(Source data)
====

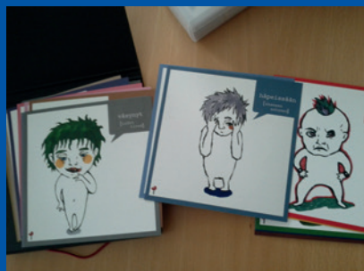
Finlande, Kuovola. Matériel utilisé pour les auditions d'enfants en fonction de leur âge et de leur maturité.
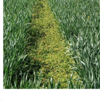
12 päeva peale pritsimist
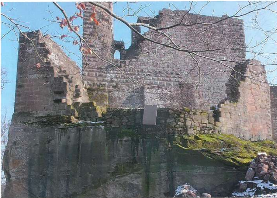
Fig. 24 Nouveau-Windstein - Le bastion nord, février 2018

Construit en calcaire très sensible aux variations climatiques, le palais, accolé au donjon, a été restauré en 2017 avec l'aide d'une entreprise spécialisée. Le site a ainsi pu accueillir diverses compagnies de reconstitution médiévales pour la journée des châteaux forts le 1 er mai.
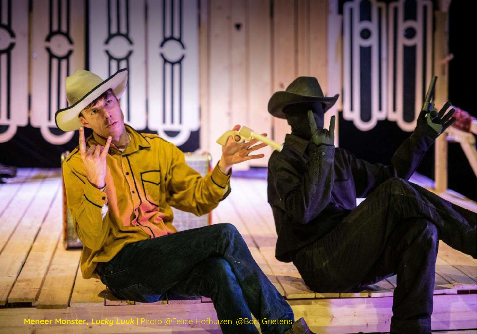
Meneer Monster, Lucky Luuk
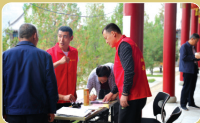
远道而来，报名登记
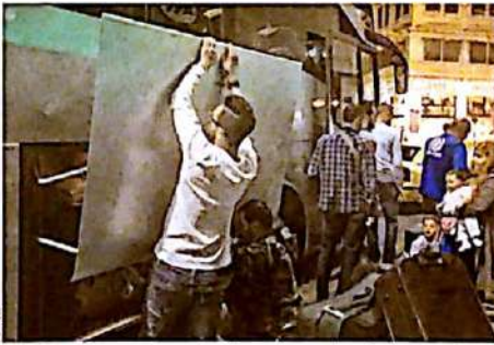
Πρώτη φορά στην Ομόνοια, χτες, τέσσερις Λεωφόροι παράλληλα 234 πρόσφυγες, 132 ενήλικες και 102 παιδιά, με προορισμό το προεδρείο, από όπου θα τοξίδουν προς μεταγκατάσταση στη Γαλλία. Κάποια από τους εμπόδες περιμένουν επί δυο χρόνια αυτή τη στιγμή. Σελ. 7
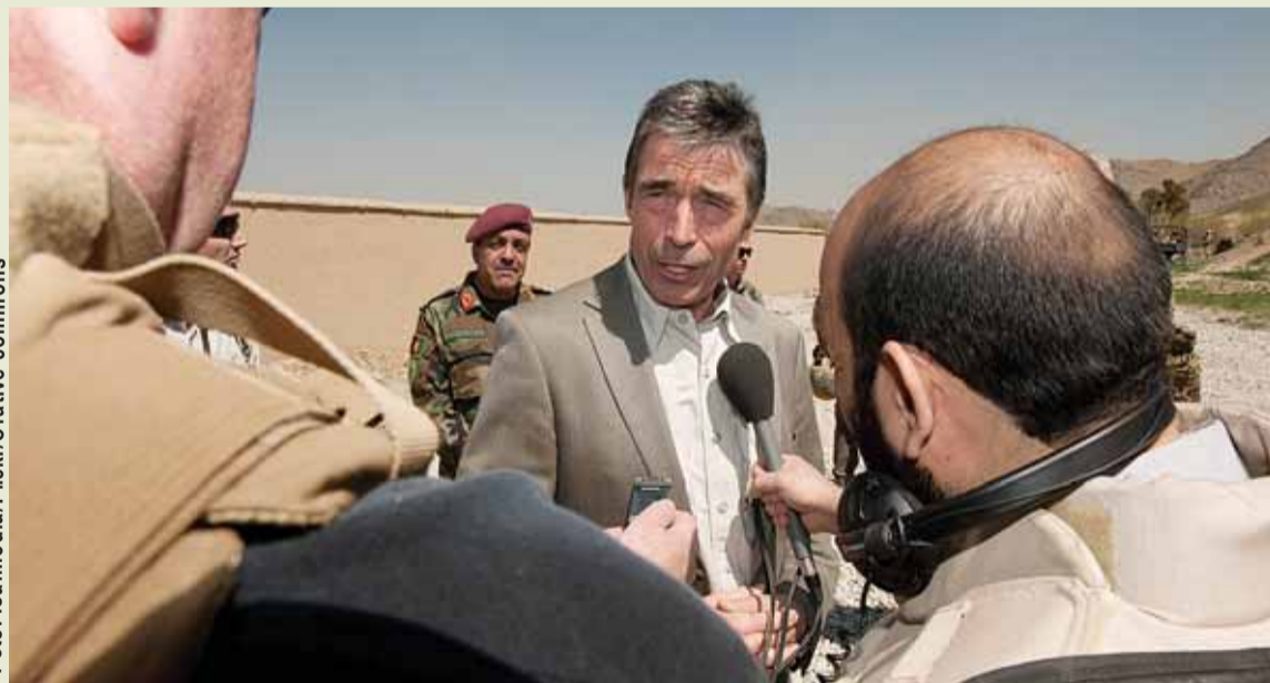
Natochefen Anders Fogh Rasmussen ute på fält i Afghanistan. Till Folkoch försvar kom han i helikopter och talade sig sedan varm för ett svenskt medlemskap i Nato.

Försvarsminister Karin Enström inledde den andra dagen

====

> [Task directions]:
Output each entry shown above exactly as it stands, with all pictures removed.

> [Output]:
Finlande, Kuovola. Matériel utilisé pour les auditions d'enfants en fonction de leur âge et de leur maturité.
12 päeva peale pritsimist
Fig. 24 Nouveau-Windstein - Le bastion nord, février 2018

Construit en calcaire très sensible aux variations climatiques, le palais, accolé au donjon, a été restauré en 2017 avec l'aide d'une entreprise spécialisée. Le site a ainsi pu accueillir diverses compagnies de reconstitution médiévales pour la journée des châteaux forts le 1 er mai.
Meneer Monster, Lucky Luuk
远道而来，报名登记
Πρώτη φορά στην Ομόνοια, χτες, τέσσερις Λεωφόροι παράλληλα 234 πρόσφυγες, 132 ενήλικες και 102 παιδιά, με προορισμό το προεδρείο, από όπου θα τοξίδουν προς μεταγκατάσταση στη Γαλλία. Κάποια από τους εμπόδες περιμένουν επί δυο χρόνια αυτή τη στιγμή. Σελ. 7
Natochefen Anders Fogh Rasmussen ute på fält i Afghanistan. Till Folkoch försvar kom han i helikopter och talade sig sedan varm för ett svenskt medlemskap i Nato.

Försvarsminister Karin Enström inledde den andra dagen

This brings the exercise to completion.